Do not add this goby to a brand new tank. You want a tank that already has life in it (pods, worms, microfauna) because they often refuse food for a bit and need something to hunt.

For acclimation, I go slow and low-stress: dim the lights, drip acclimate, and get it into a pre-planned hide immediately. If you are a "rearrange rock later" person, do it before the fish arrives. They do not love having their home bulldozed.

What to feed them

Feeding is the whole game with Kelloggella. They are micro-predators that want tiny moving foods, often multiple times a day. If they are eating well, they are surprisingly hardy. If they are not, they fade fast.

  • Best starters: live baby brine shrimp (enriched), live copepods, live rotifers if you have them.
  • Frozen that usually works: cyclops, calanus (chopped if needed), finely chopped mysis, fish roe, small plankton blends.
  • Prepared: some will learn pellets, but do not buy one expecting that. If it happens, it is a bonus.

Target feeding helps a lot. Use a pipette or turkey baster and gently puff food into their "hover zone" near the entrance of their hide. Once they recognize the routine, they come out faster.

I watch the belly, not the calendar. A healthy Disalvo's goby should look slightly rounded in the abdomen after meals, not pinched. New imports often need smaller feedings 2-4 times a day until they settle in.

How they behave and who they get along with

These are shy, perch-and-dart gobies. They spend a lot of time hovering a centimeter off a rock, then snapping at specks in the water. Once comfortable, they get a little bolder and you will see their personality.

  • Good tankmates: small peaceful fish that will not outcompete them at feeding time (small gobies, firefish that are not bullies, tiny assessors, gentle blennies).
  • Use caution: wrasses, dottybacks, hawkfish, big clowns, and anything that treats tiny fish like snacks or treats feeding time like a contact sport.
  • Inverts: generally fine with shrimp and crabs, but a large aggressive shrimp can steal every bite you offer them.

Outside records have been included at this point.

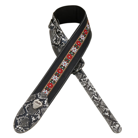 Amumu Suede Leather Jacquard Cotton Inlay Black Guitar Strap -LE23-DG
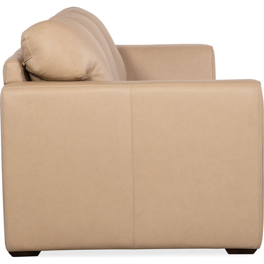 Features: Stationary sofa; Leather upholstery; Block feet; Thick arm style
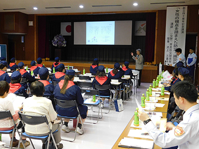 記念講演では(公財) 市民防災研究所理事として市民の立場から防災普及活動を積極的に行っている池上三喜子氏による「女性の視点を踏まえた防災・減災対策」と題して、
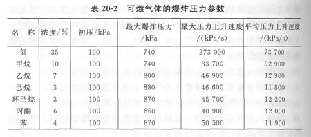 ①爆炸的溫度和壓力? 爆炸的溫度和壓力是衡量爆炸過程放出能量多少的兩個(gè)重要參數(shù)。各種爆炸性混合物在正常條件下的爆炸壓力大多不超過1000 kPa,溫度大多不超過3000℃,但爆炸后的壓力上升速度相差卻很大,各種可燃?xì)怏w的爆炸壓力和壓力上升速度如表20—2。
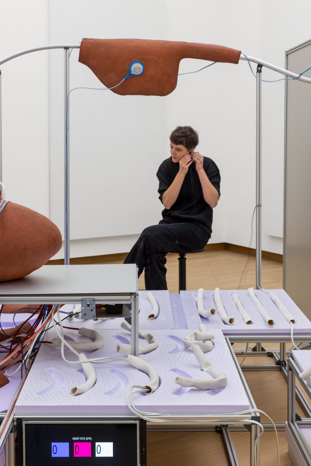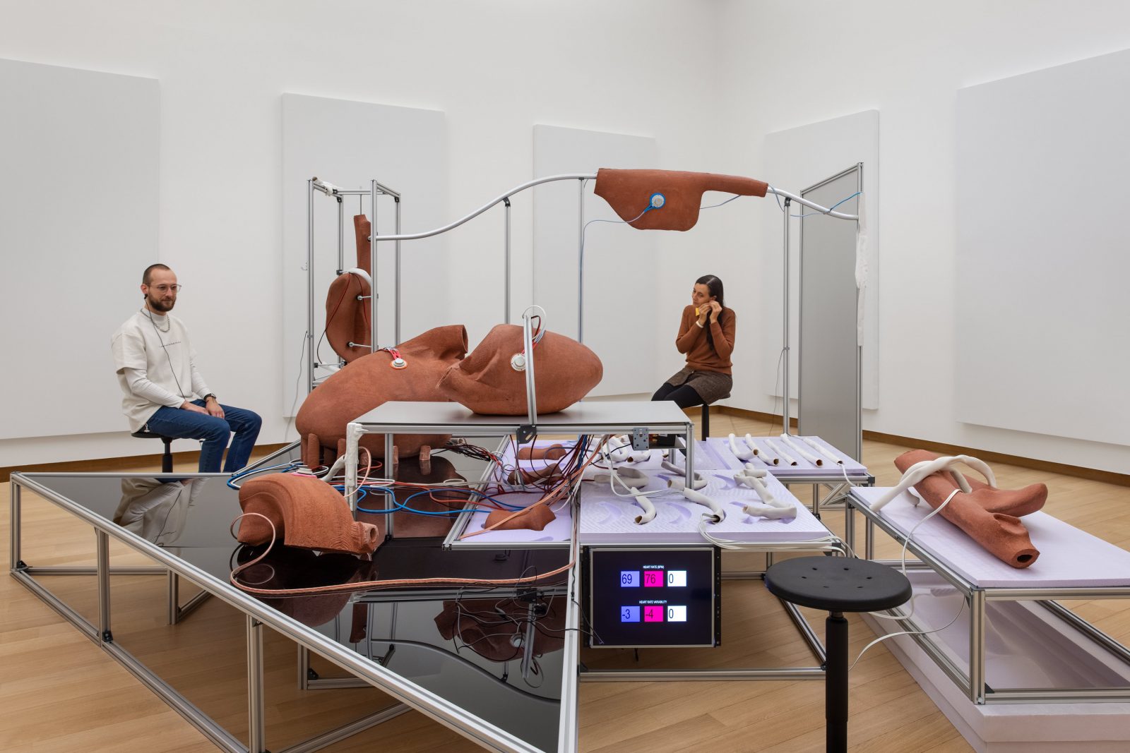 Bij ‘Interpersonal Biofeedback Apparatus Encoding Cardiac Fluctuations’ (2021, Prix de Rome) ontdekte ik dat de hartslagmeters op smartphones heel vaak middelen. Dat is praktisch, anders meten ze te veel ruis uit de omgeving. Dus nemen ze tien hartslagen en daarvan nemen ze het gemiddelde, terwijl ik juist die ontzettende onvoorspelbaarheid van het hart zo fascinerend vind en die kunnen we ook registreren met technologie, dus samen met technicus Kees Reedijk hebben we een installatie gemaakt met hartslagmeters die juist al die complexe variabelen opvangt. Op basis van die data klonken er uit keramische objecten interactieve geluiden die waren gecomponeerd in samenwerking met componist Sjoerd Leijten.
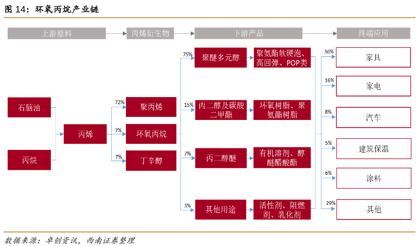 我们不需要记环氧丙烷产业链中各种复杂的中间体名称,了解一下下游终端应用即可。环氧丙烷的衍生物在汽车、建筑、食品、烟草、医药及化妆品等行业应用广泛,是精细化工产品的重要原料。家具、家电、汽车是目前最大的三大终端应用。

If your tank has fast eaters, plan a strategy before you buy the goby. Feed the crowd on one side and target feed the goby on the other. Otherwise it just watches food fly past and slowly loses weight.

Territory-wise, they are usually chill, but in a small tank two similar tiny gobies can bicker if they want the same crack in the rock. More hiding spots fixes most of that.

Breeding tips

Breeding is possible but not casual. Like a lot of small reef gobies, they are cave or crevice spawners, and the male typically guards the eggs. The hard part is raising the larvae, not getting the spawn.

  • Give them a nest option: tiny caves, short pieces of small PVC tucked into rock, or narrow shells/crevices.
  • Condition with food: frequent small meaty foods and live options. A well-fed pair acts more confident and stays visible longer.
  • If they spawn: expect tiny larvae that need rotifers and/or very small copepod nauplii, plus stable greenwater-style feeding routines.

Most hobbyists lose the larvae in a mixed reef because filtration and flow remove them fast. If you want to try, you are basically signing up for a dedicated larval setup and live food culture.

Common problems to watch for

  • Slow starvation: the number one issue. They may look fine for a week, then you notice the belly pinching in. Increase feeding frequency and use smaller foods.
  • Getting outcompeted: they are not built for chaotic feeding frenzies. Target feed and give them quiet zones.
  • Shipping stress and refusal to eat: common early on. Dim lighting, lots of cover, and live foods usually turn the corner.
  • Jumping: especially right after introduction or if chased. A tight lid is not optional.
  • Disease sensitivity: tiny fish go downhill fast with ich/velvet. Quarantine is smart, but set up QT so they still feel secure (a little rock substitute and some fake crevices).

If you ever see heavy breathing, flashing, or a goby that suddenly stays plastered in a corner and will not come out to eat, do not wait a week to "see if it passes." With fish this small, delays cost lives.

If you nail two things - lots of tiny hiding places and a steady supply of small meaty foods - Disalvo's goby goes from "invisible expert fish" to a really rewarding little reef character. It is just not forgiving if you try to keep it like a generic community goby.